Cannabis Wire reached out to Shover for clarification on these lines, and she said, “That [2014] study’s been cited over 300 times, it’s informed a lot of industry campaigns. Most recently, I’ve seen the Weedmaps billboard and their articles about it.” Like Humphreys, she actively pushes back on such claims (see her tweet below) and admits these types of citations and billboards motivated the 2019 PNAS study.
The researchers are right to question how people use the 2014 findings—and we agree that ecological studies at the population level are not a strong indicator of what’s happening at the individual level—but we failed to find a single instance in which they also challenged negative cannabis claims based on ecological studies, weak evidence or spurious associations.
Humphreys took part in a 2019 cannabis roundtable where he freely cited the risks, but he made no attempt to correct Tell Your Children author Alex Berenson’s many falsehoods. Either that, or Humphreys agrees with Berenson that “marijuana causes psychosis. This is an established medical fact, not open to debate.”

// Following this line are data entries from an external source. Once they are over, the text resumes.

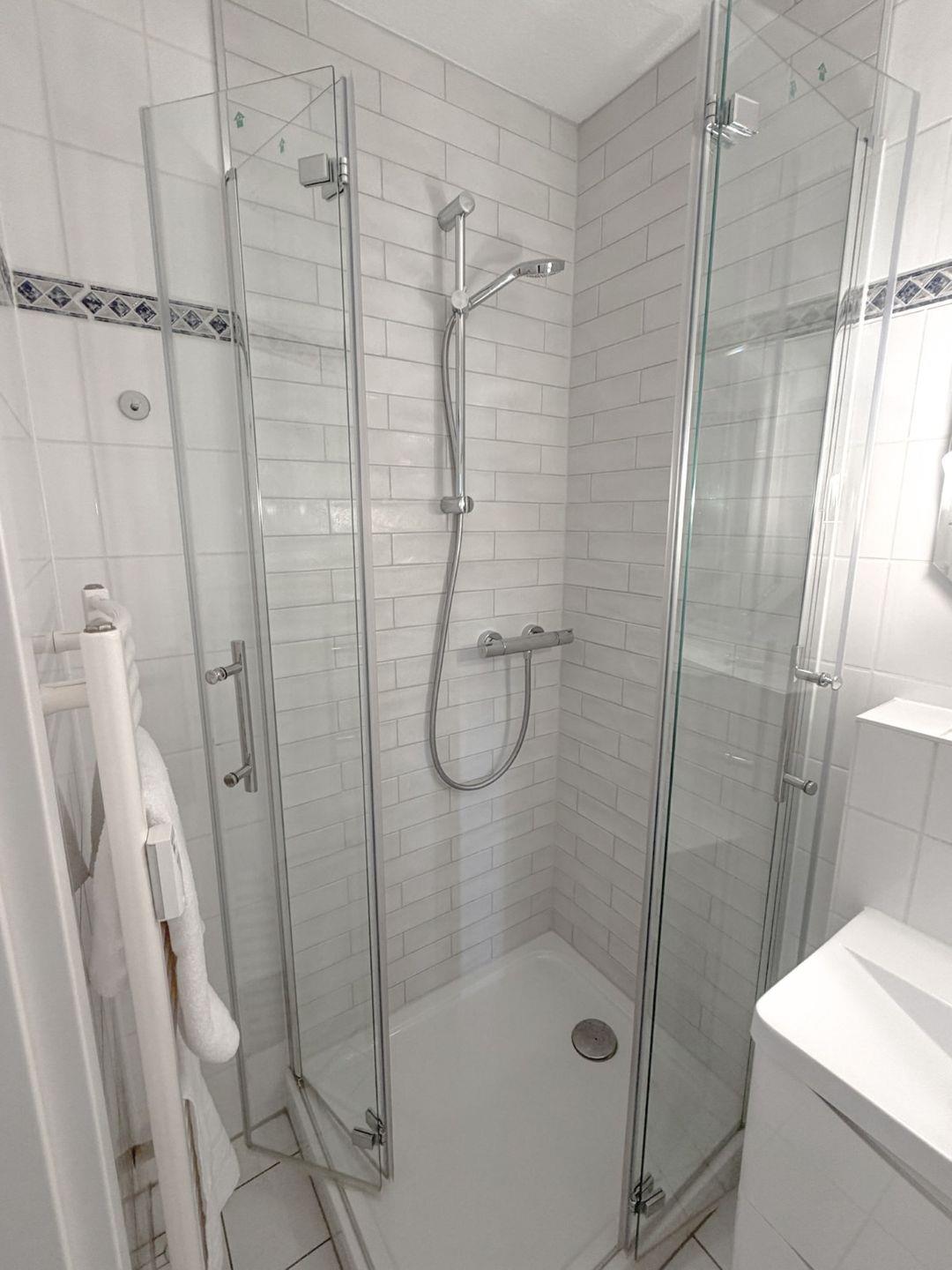Das helle, innenliegende Duschbad ist mit fester Duschkabine, Waschbecken mit beleuchtetem Spiegel, Handtuchheizkörper, WC und elektrischer Lüftung ausgestattet.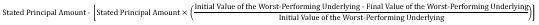 If the Notes are not called prior to maturity and the Final Value of the Worst-Performing Underlying is less than its Threshold Value, you will receive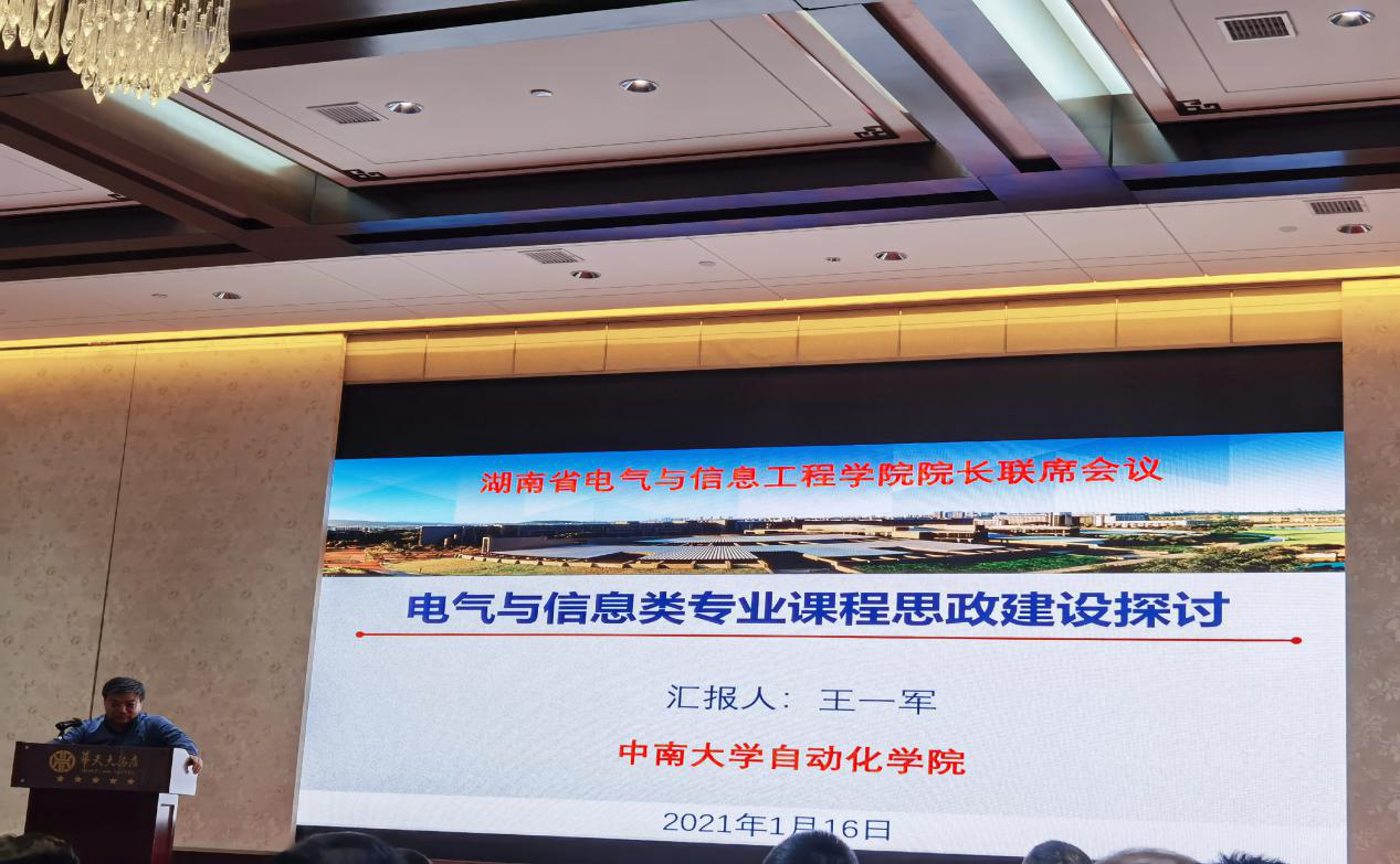 中南大学自动化学院党委书记王一军教授、湘潭大学自动化与电子信息学院段斌教授及william电气与信息工程学院副院长唐欣教授分别以“电气与信息类专业课程思政建设探讨”、“认知科学在工程约束条件类毕业要求的应用”和“一流课程建设的一点思考”为题作了发言交流。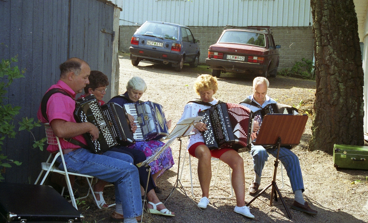 Köksorkestern spelar dragspel vid invigningen av Ekebackens Hantverksgård (tidigare John Lindströms möbelsnickeri) på Gamla Riksvägen 81, början av 1990-talet.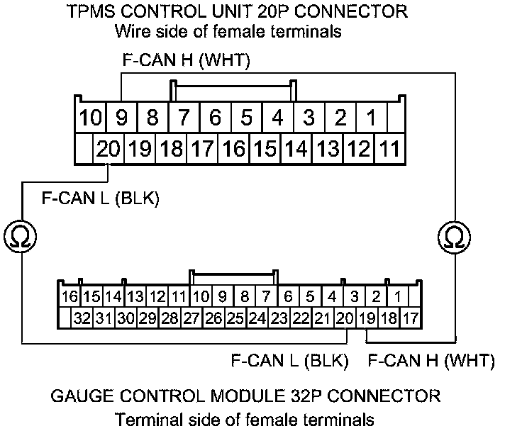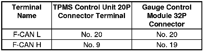 18. Check for continuity between the TPMS control unit 20P connector terminals and the gauge control module 32P connector terminals according to the table.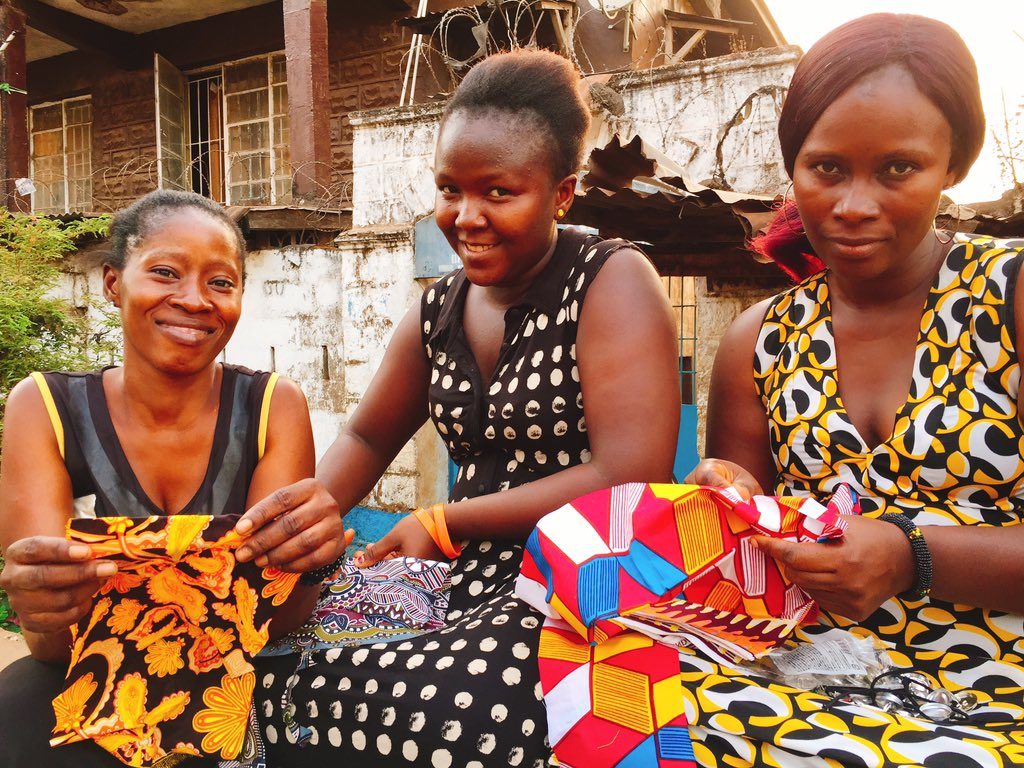 こちらはAdama、Patricia、Jessica、Fatuの4名の女性たちに簡単な小物(ヘアゴムやお守り)の制作をお願いしています。いつも夜ごはんを用意してくれて、一緒に食べます。フォートストリートの多くの住民が2016年の火事で家を失い、彼女たちは現在もユニセフのテントで暮らしています。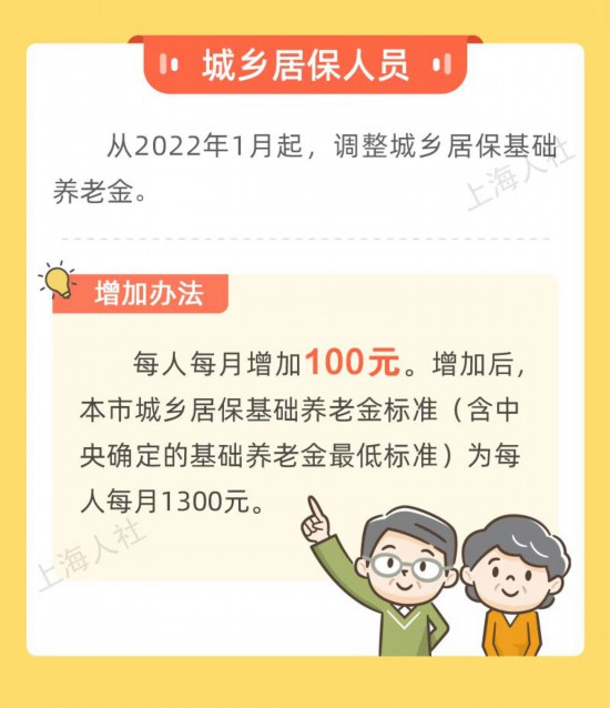 與此同時,本市從2022年1月起,調整城鄉居?;A養老金,每人每月增加100元。增加后,本市城鄉居?;A養老金標準(含中央確定的基礎養老金最低標準)為每人每月1300元。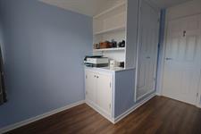 WET ROOM – Modern suite with walk-in shower, toilet, hand basin with storage underneath, heated towel rail, airing cupboard and cupboard housing boiler. Non-slip flooring.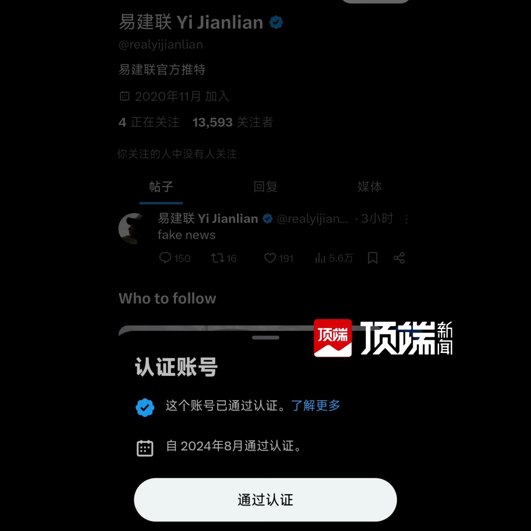 多位“推特”用户告訴記者,該賬號雖認證信息為“易建聯官方推特”,但推特藍標認證不等同於實名認證,是不是易建聯本人賬號有待考證。一在泰中國留學生解釋説,推特通過郵箱認證,或一年繳費648元,即可成為會員並享有藍標認證。

By contrast, roundtable participant Maria McFarland Sánchez-Moreno of the Drug Policy Alliance gave Berenson a beatdown.
“More Research” Cuts Both Ways
To recap, Humphreys spent years criticizing the 2014 findings in editorials, studies and published letters while arguing that MMJ actually increases opioid abuse. This was his position going into the 2019 study, which characterized its findings in a way that confirmed all of his previous claims. In doing so, the study dismissed greater access to MMJ as a possible correlate with lower mortality rates, yet suggested greater access to traditional treatment was why recreational-use states had the lowest mortality rate of all. The study also treated wealth, liberal politics and western geography as qualitative differences (without actually testing it) but not being at the geographic heart of the opioid epidemic or having MMJ laws without operational programs.
The concern is legit—cannabis companies and budtenders need to be careful about the health claims they make—and future studies might find that the PNAS researchers were right to doubt the broad correlation between MMJ laws and reduced mortality. However, the researchers seemed to frame the data in a selective way that welcomes the same criticism that Humphreys in particular levels against cannabis studies with positive findings. They allowed confounding variables to negate the data for recreational states but not for MMJ states, which led to a finding that aligned with their pre-existing beliefs.
An even playing field that doesn’t pick and choose what variables to include would arguably produce a very different conclusion, namely that greater access to cannabis represents the strongest association (relative to the study estimates) with reduced overdose deaths.
Still, neither conclusion belongs on a billboard because 1) all the researchers agree the estimates were not significant, 2) causation remains unclear and 3) we need more high-quality research, but this statement cuts both ways. Cannabis-adverse researchers, politicians and bureaucrats don’t let the lack of research keep them from making outrageously untrue and misleading statements. Historically speaking, a handful of billboards that overstate pro-cannabis findings doesn’t compare in the slightest to decades of fallacious propaganda, research restrictions and the attitude that cannabis is guilty until proven innocent.
Instead of being so concerned about the 2014 study, the PNAS researchers might want to ask themselves why cannabis naysayers have lost credibility with a public that now supports full legalization by a two-to-one margin.